Exercise description. For this exercise, retype the lines from the one that holds "現場調査や見積もりの手間も簡" through the one that holds "[천원옷장] #14 로리따" in the records below, both included, exactly and without pictures.

Source data.
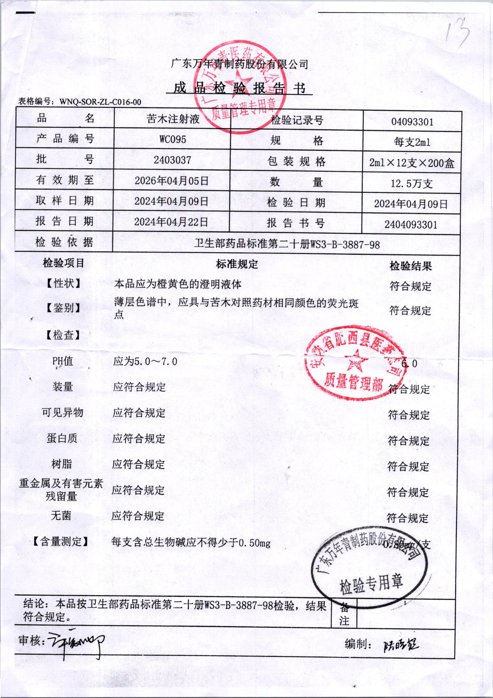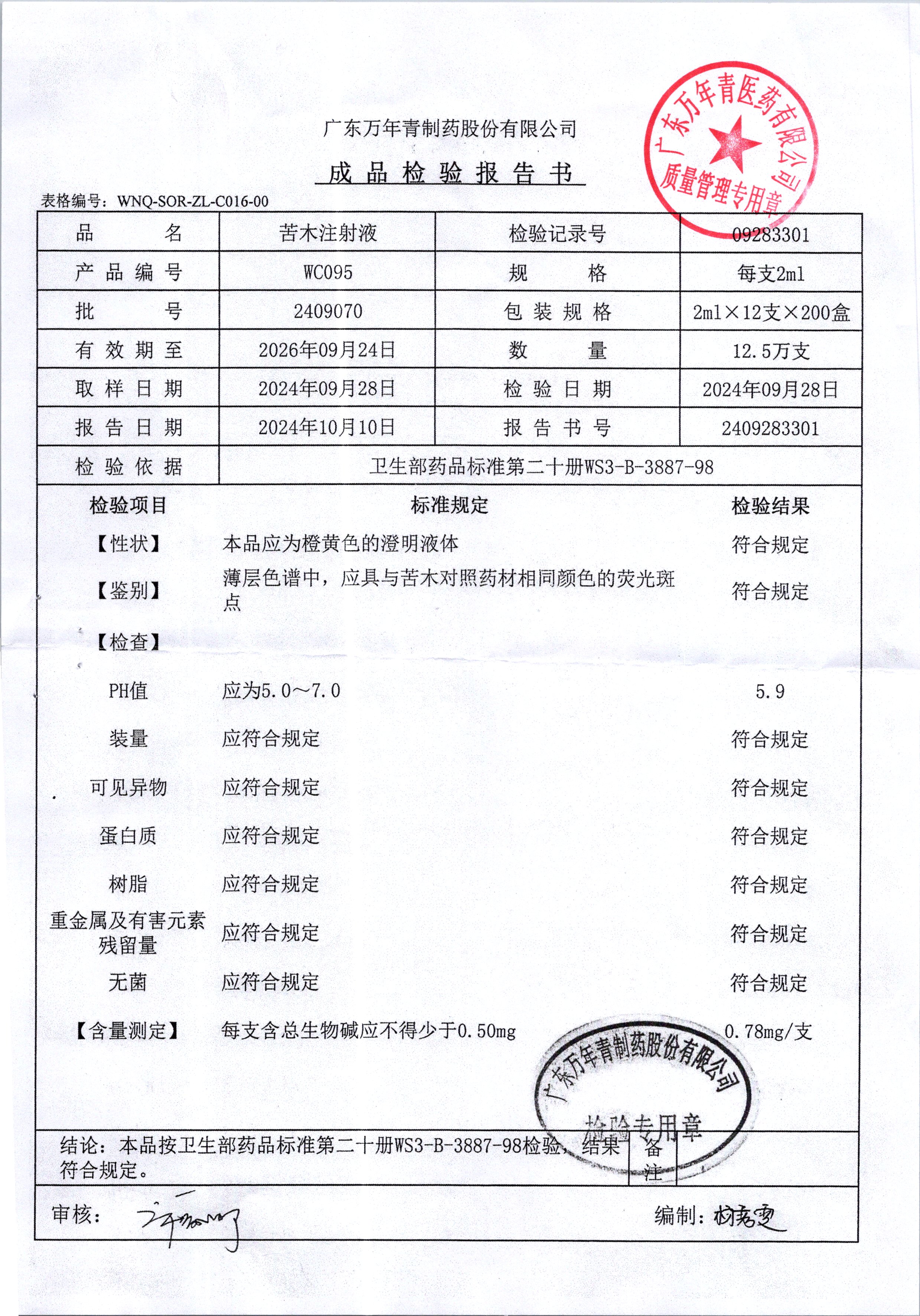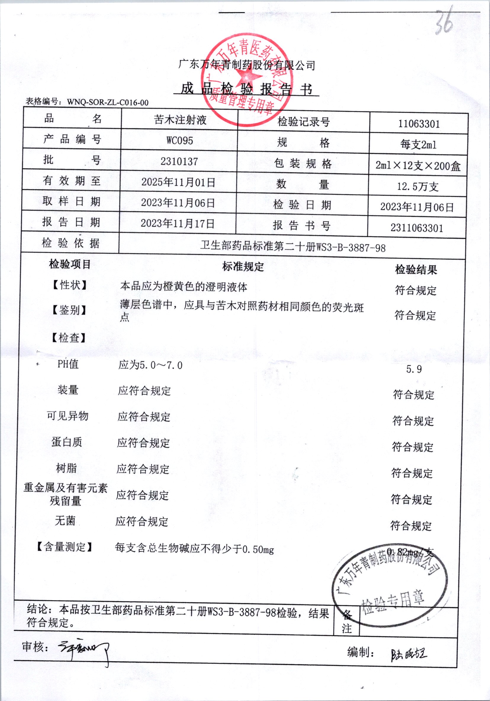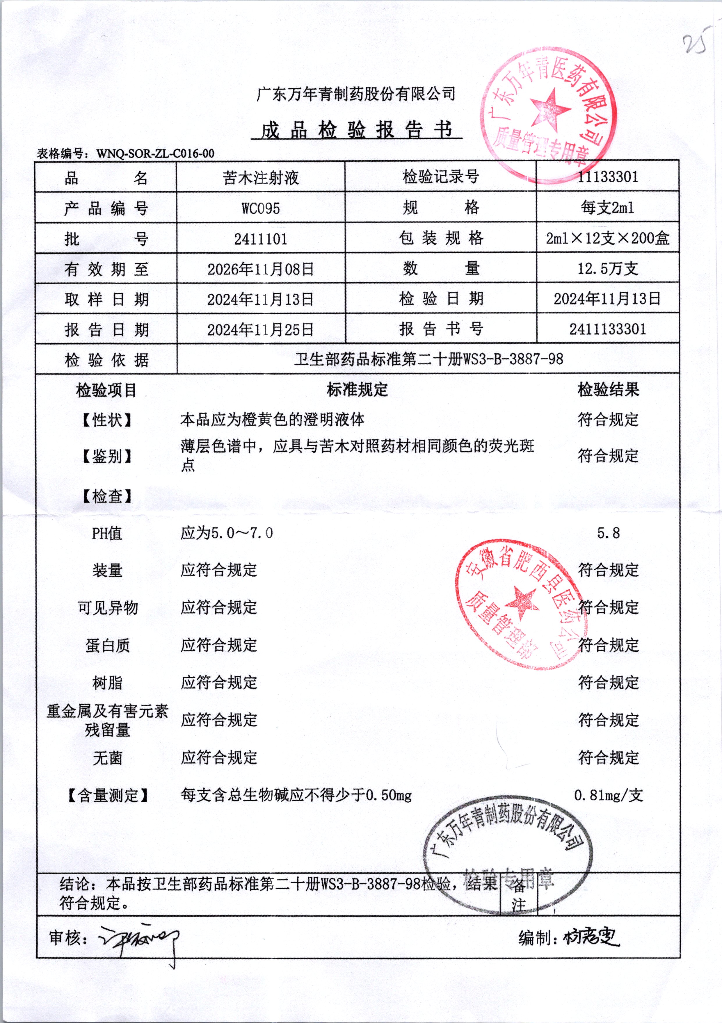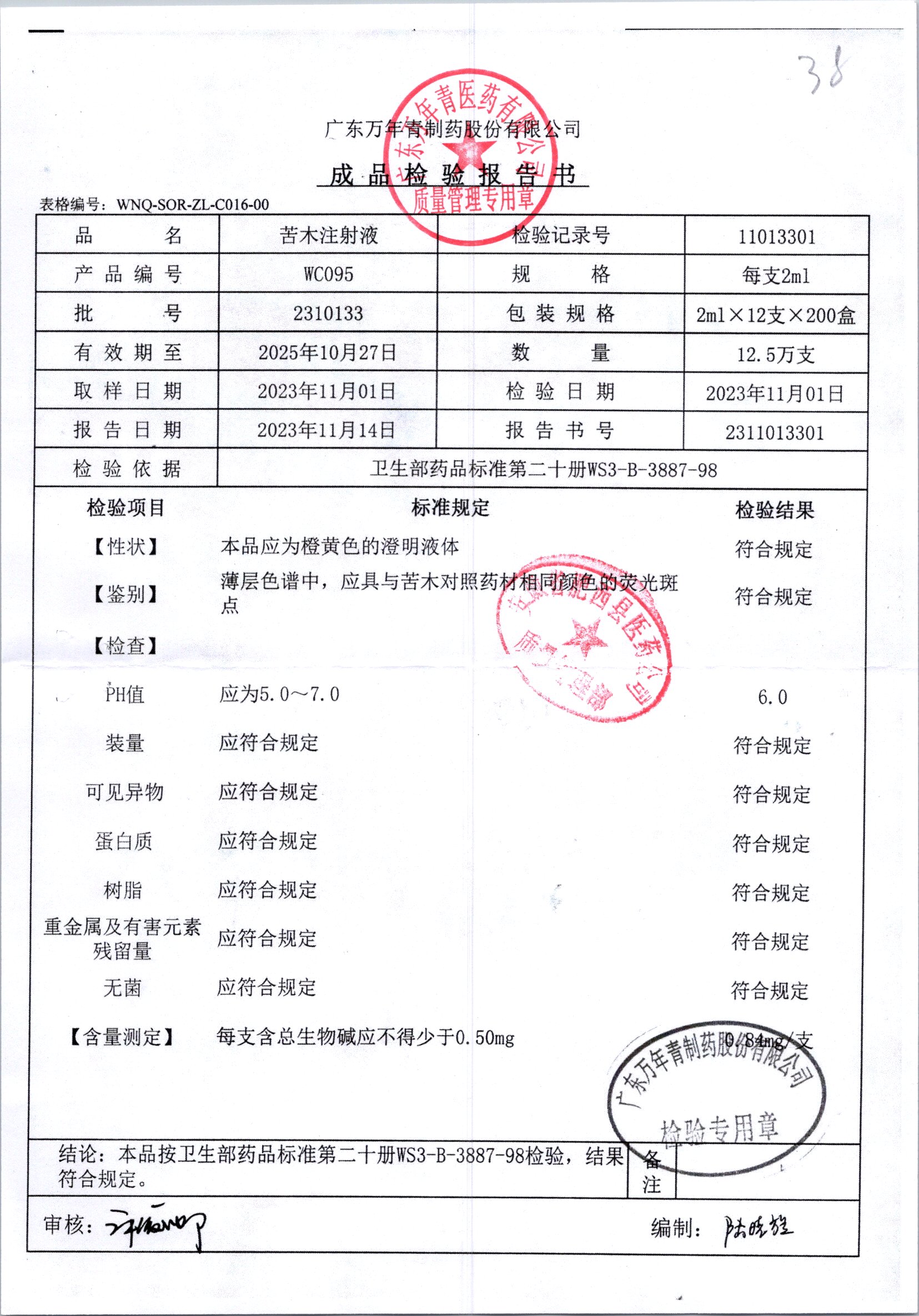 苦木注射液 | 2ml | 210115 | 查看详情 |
--
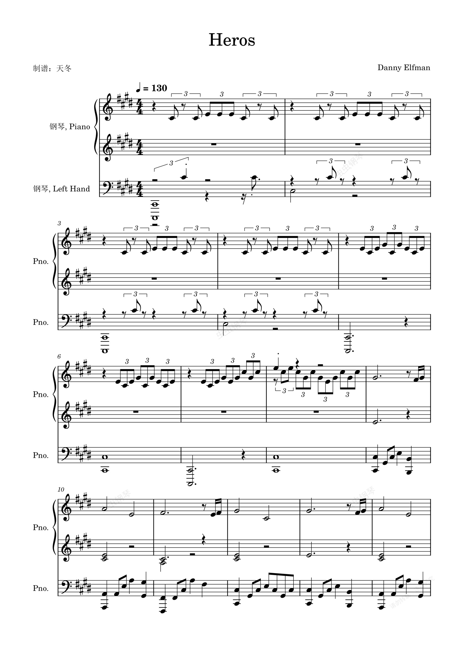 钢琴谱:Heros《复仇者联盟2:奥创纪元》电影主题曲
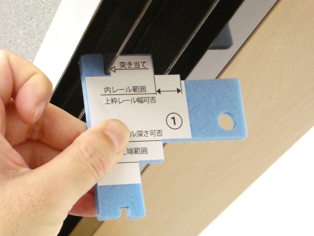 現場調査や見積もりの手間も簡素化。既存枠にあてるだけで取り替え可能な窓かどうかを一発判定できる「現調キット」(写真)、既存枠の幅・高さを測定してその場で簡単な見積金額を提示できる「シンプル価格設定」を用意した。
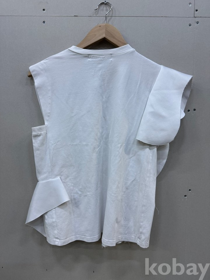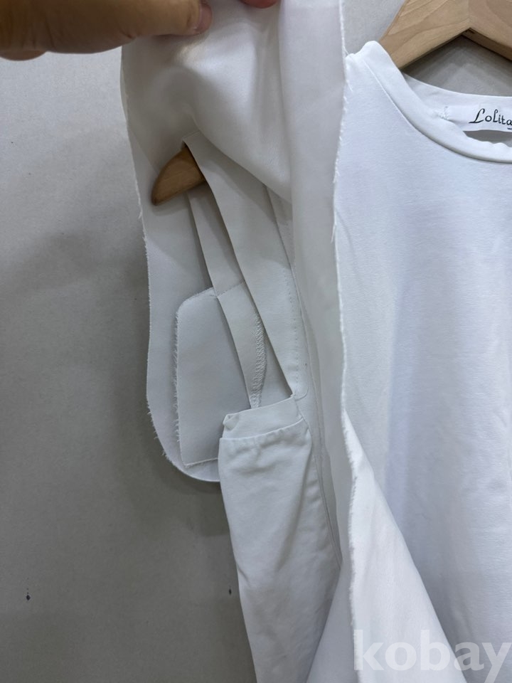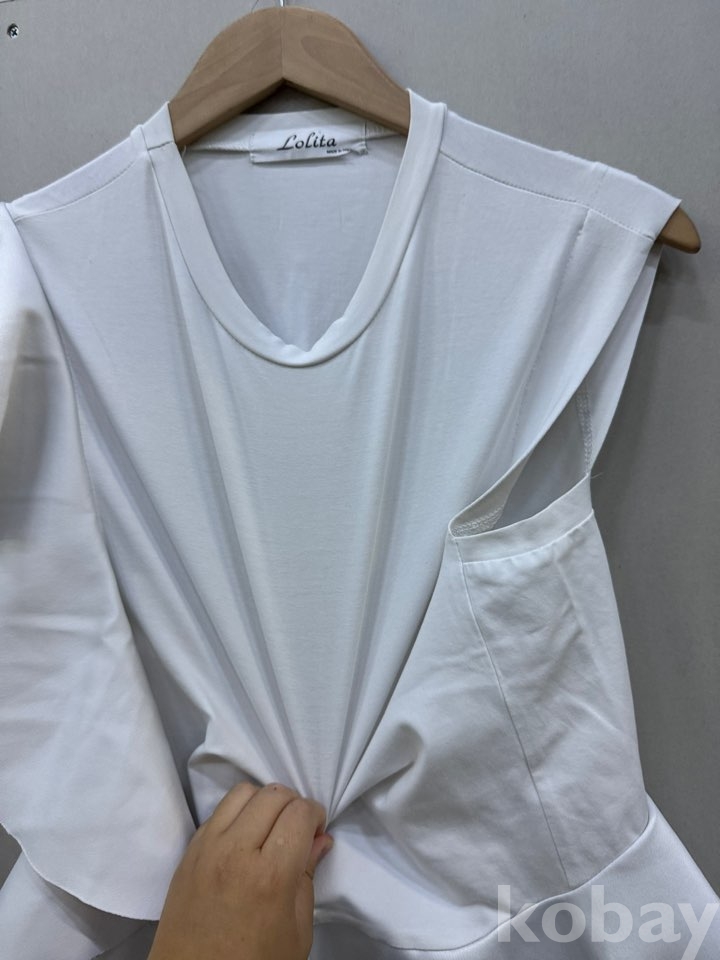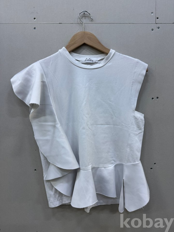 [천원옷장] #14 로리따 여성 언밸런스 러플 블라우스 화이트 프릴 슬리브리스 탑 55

Problem solution.
 現場調査や見積もりの手間も簡素化。既存枠にあてるだけで取り替え可能な窓かどうかを一発判定できる「現調キット」(写真)、既存枠の幅・高さを測定してその場で簡単な見積金額を提示できる「シンプル価格設定」を用意した。
 [천원옷장] #14 로리따 여성 언밸런스 러플 블라우스 화이트 프릴 슬리브리스 탑 55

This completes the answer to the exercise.